Well upper and lower terminal limit

    Function: The upper limit of the terminal is generally at the highest level of the elevator, and operates at 5-8CM above the leveling floor. After the action, the elevator express and local trains can no longer operate upwards. On the other hand, the lower terminal limit is generally at the bottom of the elevator and is below the level of 5-8CM. After the action, the elevator express and local trains can no longer run down.

    Symptom 1: The elevator and local trains cannot run upward but they can run downwards.

    Cause: The upper terminal limit may be bad and is in a disconnected state.

    Symptom 2: Both elevators and local trains cannot run downwards, but they can run upwards.

    Cause: The lower terminal limit may be bad and is in a disconnected state.

Shaft forced up and down limit

    Elevators with a speed of 1 m/s or less generally have an upward forced deceleration limit and a downward forced deceleration limit. The installation position should be equal to (or slightly less than) the deceleration distance of the elevator. Elevators with a speed of 1.5 m/s or more are generally equipped with two upward forced deceleration limits and two downward forced deceleration limits. Because fast elevators are generally divided into single-layer operation speeds and multi-layer operation speeds, the deceleration distances are not the same at different speeds, so it is necessary to divide the multi-layer operation deceleration limit and single-level operation deceleration limit.

    Function 1: Force the elevator to decelerate when the elevator runs to the end station.

    Role 2: At present, many elevators use the forced deceleration limit as the forced correction point of the elevator floor position.

    Symptom 1: The elevator train cannot run upwards, but the local train can.

    Reason: It may be that the forced deceleration limit is broken and is in the disconnected state.

    Symptom 2: The elevator express cannot run down, but the local train can.

    Reason: It may be that the forced deceleration limit is broken and is in the disconnected state.

    Symptom 3: The elevator is in a fault state and the program is protected. It may be displayed as fault switch fault with fault code.

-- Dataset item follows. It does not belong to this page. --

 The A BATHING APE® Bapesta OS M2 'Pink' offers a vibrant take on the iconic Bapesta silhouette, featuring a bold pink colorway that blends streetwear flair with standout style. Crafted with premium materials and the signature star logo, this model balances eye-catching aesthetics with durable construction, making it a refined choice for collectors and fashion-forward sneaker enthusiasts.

    Cause: It may be that the forced deceleration limit has been broken up or down. Because the forced deceleration limit is very important in the safety of elevators, many elevator programs are designed to detect the limit. If the limit is detected, the program is protected. The elevator is in a "dead" state.

Selector

    Role: Calculate the actual position of the elevator in operation.

    Selector type:

    1. Mechanical selector

    The earlier elevators used mechanical selectors, some of which used synchronous steel belts, some of which used go walkers. Following the operation of the elevator, the simulation reflected the actual position of the elevator.

    2, well floor sensor

    In some elevators, the position of the elevator is calculated by relying on a magnetic sensor on each floor of the hoistway, and a magnetic separation board is installed on the side of the car. When the magnetic separation board is inserted into the sensor, the sensor moves and the control panel receives this. Immediately after the signal from the sensor, the actual position of the elevator is calculated. At the same time, the control display shows the floor number of the elevator.

    Fault phenomenon:

    In order to determine the direction of operation, the elevator must know where the elevator is currently located. Therefore, the determination of the elevator's position is very important. This part of the circuit has a fault, and the elevator may not automatically determine the direction of operation, and the phenomenon of signal registration may not occur. . In the same way, when this part of the circuit fails, it will generally cause incorrect display of floor numbers. (Please take a closer look at the floor control part and automatic orientation part of the relay elevator)

    3, car speed sensor

    At present, some elevators eliminate the floor sensors and use the speed change sensors installed on the cars to calculate floors. (such as a house plant).

    This elevator is equipped with an on-speed sensor and a down-speed sensor on the side of the car, and a short magnetic separator is installed at each of the up and down-change points at each stop of the hoistway. board.

    When the elevator goes up, when it reaches the speed change point, the magnetic board is inserted into the sensor and the sensor moves. The control panel receives a signal, which automatically increases the original floor number.

    When the elevator goes down, when it reaches the speed change point, the magnetic board is inserted into the sensor and the sensor moves. The control panel receives a signal, which automatically reduces the original number of floors by 1.

    When the elevator reaches the bottom floor, when the forced deceleration limit is actuated, the number of elevator floors can be forced to the lowest floor number.

    When the elevator reaches the top floor, when the forced deceleration limit action is performed, the elevator floor numbers can be forced to be converted to the highest floor number.

    Fault phenomenon:

    This type of elevator often causes the elevator to run in a mess.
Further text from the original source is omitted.